What you should do:
Copy out the data exactly, leaving the pictures behind.

Material provided:
· · · · ·

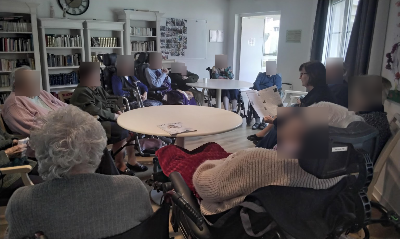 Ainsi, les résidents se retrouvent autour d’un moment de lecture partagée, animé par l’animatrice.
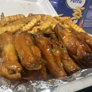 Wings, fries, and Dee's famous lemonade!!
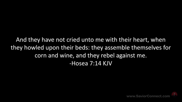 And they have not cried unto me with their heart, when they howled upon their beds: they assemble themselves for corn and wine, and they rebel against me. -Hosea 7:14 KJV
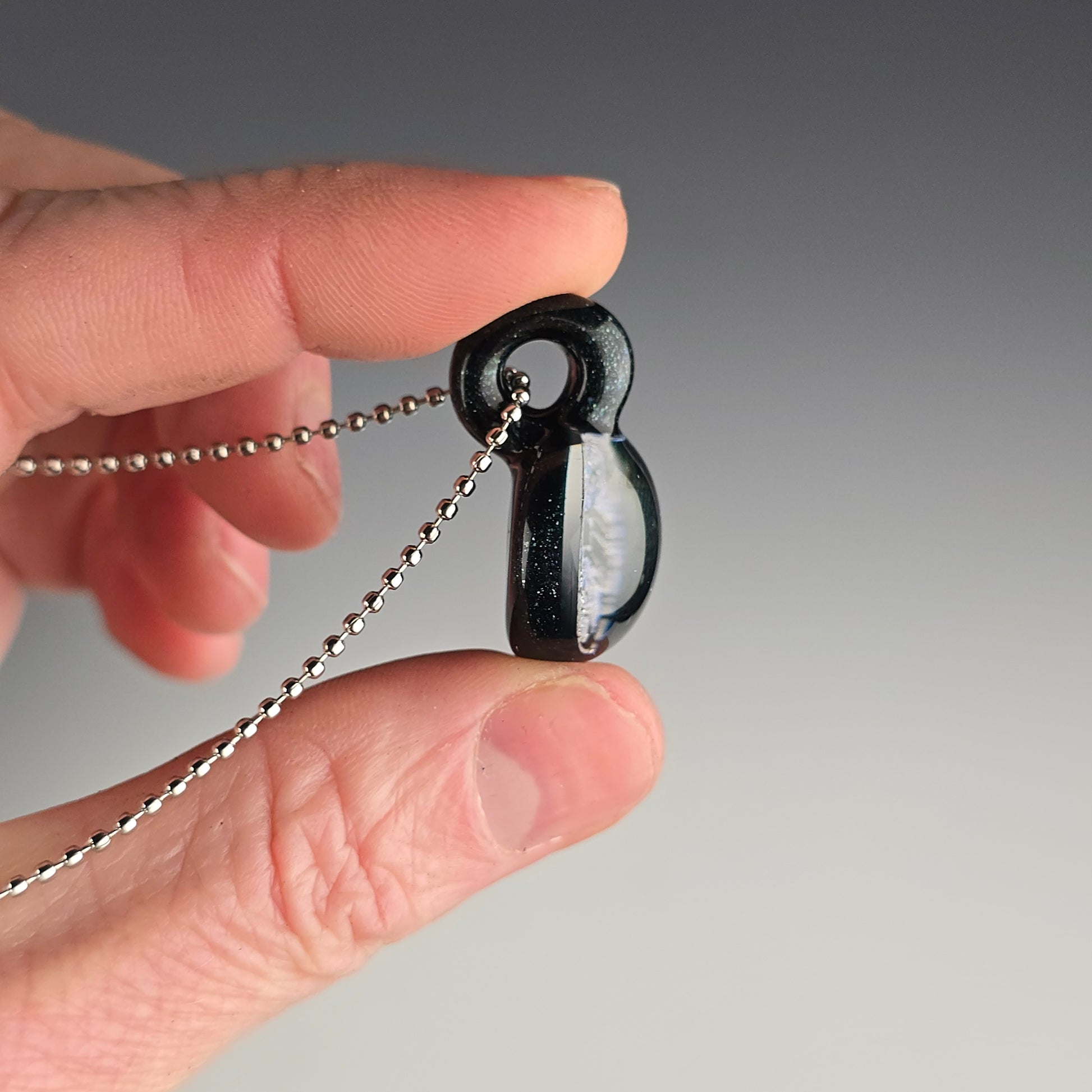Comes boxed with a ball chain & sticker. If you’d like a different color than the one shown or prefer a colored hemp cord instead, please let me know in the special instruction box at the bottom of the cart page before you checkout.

· · · · ·

Answer to this exercise:
 Ainsi, les résidents se retrouvent autour d’un moment de lecture partagée, animé par l’animatrice.
 Wings, fries, and Dee's famous lemonade!!
 And they have not cried unto me with their heart, when they howled upon their beds: they assemble themselves for corn and wine, and they rebel against me. -Hosea 7:14 KJV
Comes boxed with a ball chain & sticker. If you’d like a different color than the one shown or prefer a colored hemp cord instead, please let me know in the special instruction box at the bottom of the cart page before you checkout.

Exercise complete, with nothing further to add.